6.1 Executive summary

Our goal was to verify the possibility of automating default prediction by a machine learning model. Default is the situation in which a client stops paying the loan back to the bank.
We decided to use the bank’s average profit on a single loan as our model selection metric. Our final model, Multi-Layered Perceptron, obtained an average profit of 334 PLN (69% of maximum profit) compared to the random model raising 266 PLN (55% of maximum profit).
Based on the model’s explanations and the fact that it highly focuses on pharmacy expenses, we hypothesise that our model may have problems with fairness (with respect to health and gender), which must be fixed before using it in production.
After explanations’ verification with potential users of the model, we observed that users prefer to see approximately 4 explanations on being denied a loan before they feel the information overload.

6.2 Introduction

Imagine a young girl, Catherine, age 25, who has just left college and started her first job as a software developer. She’s earning 3000 USD monthly, spending around 50 USD in discount stores, 100 USD on clothes and 500 USD in restaurants.

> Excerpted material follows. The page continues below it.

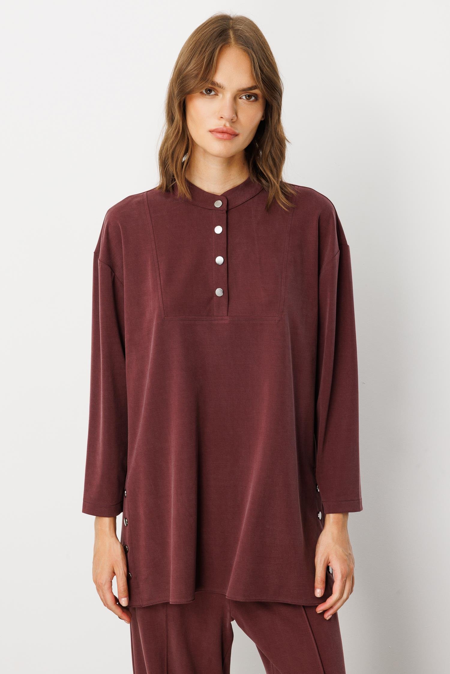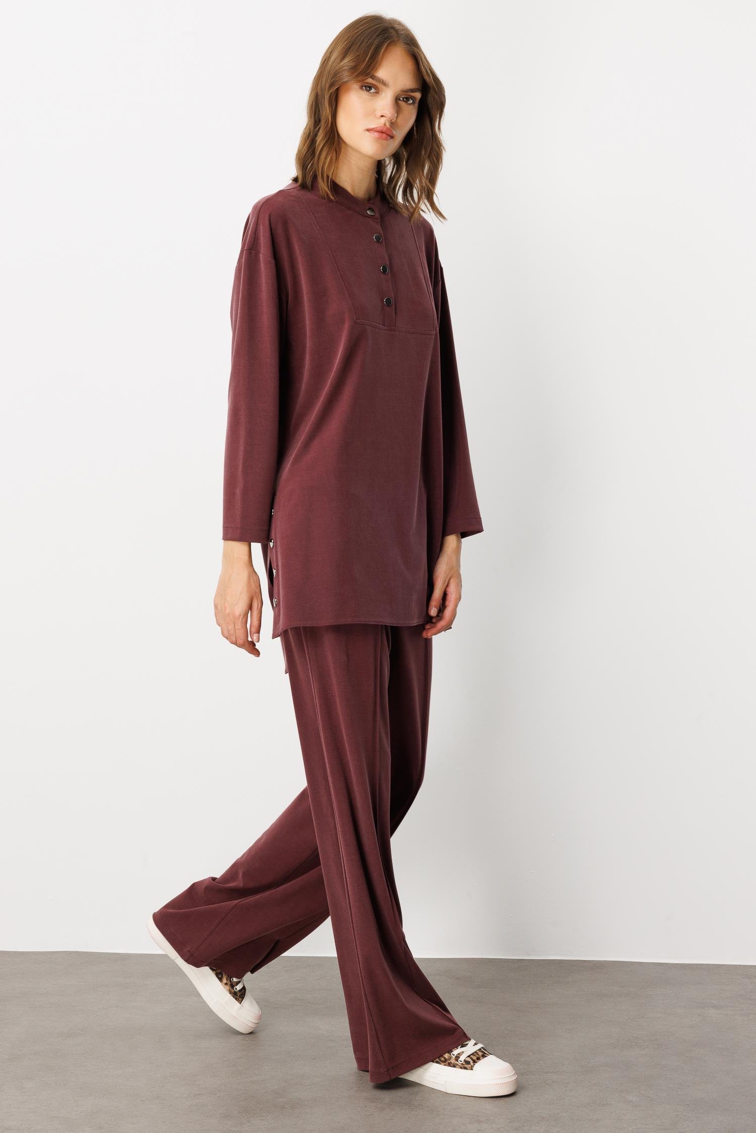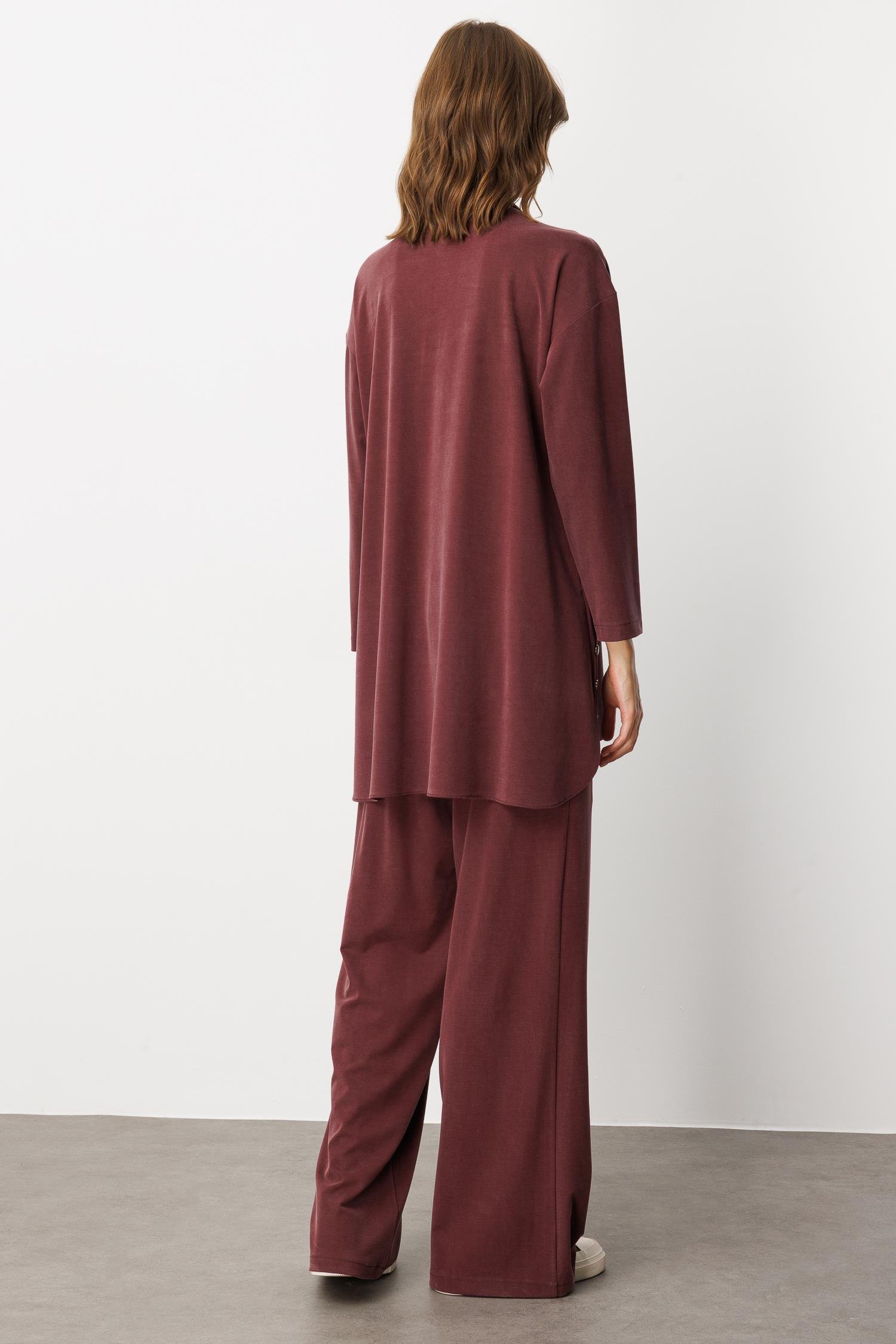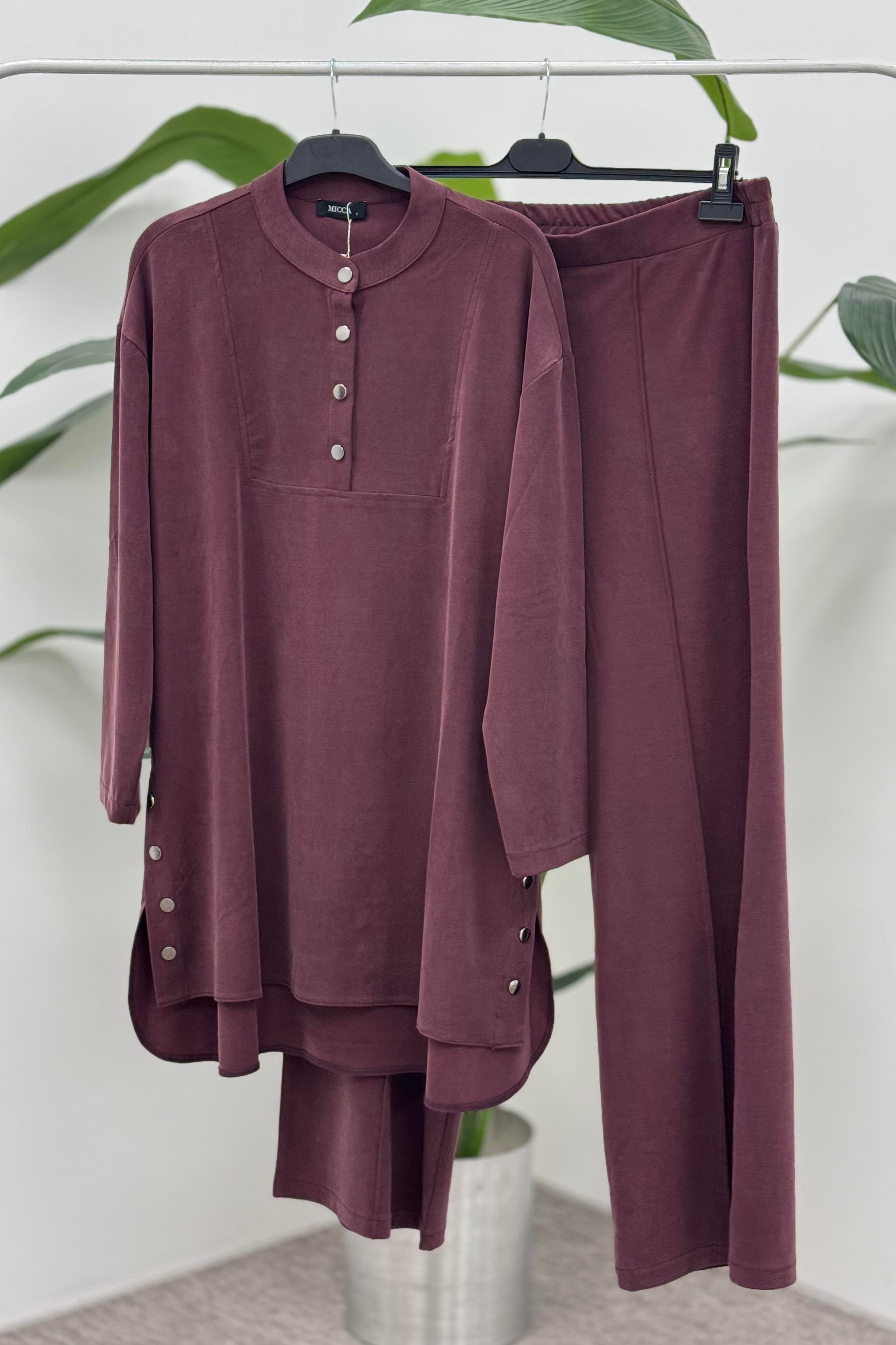 Micca 252845M Çıtçıt Detay Pantolonlu Takım - Bordo (350103909)

Would you give Catherine a small, 1000 USD loan for a new phone?

You may think - her situation looks fine. Or maybe you can’t make the choice based only on the information given.

But what if we told you, that amongst those few features there’s already one which guarantees us that Catherine won’t pay her loan back? Would it be true or would you find one based on your own biases?

No matter the answer, this short story introduces us to so-called default, ie. the situation in which a client stops paying their loan back to the bank. Increased default rate may result in unnecessary losses for the bank, while properly filtering out such clients can increase bank’s profit.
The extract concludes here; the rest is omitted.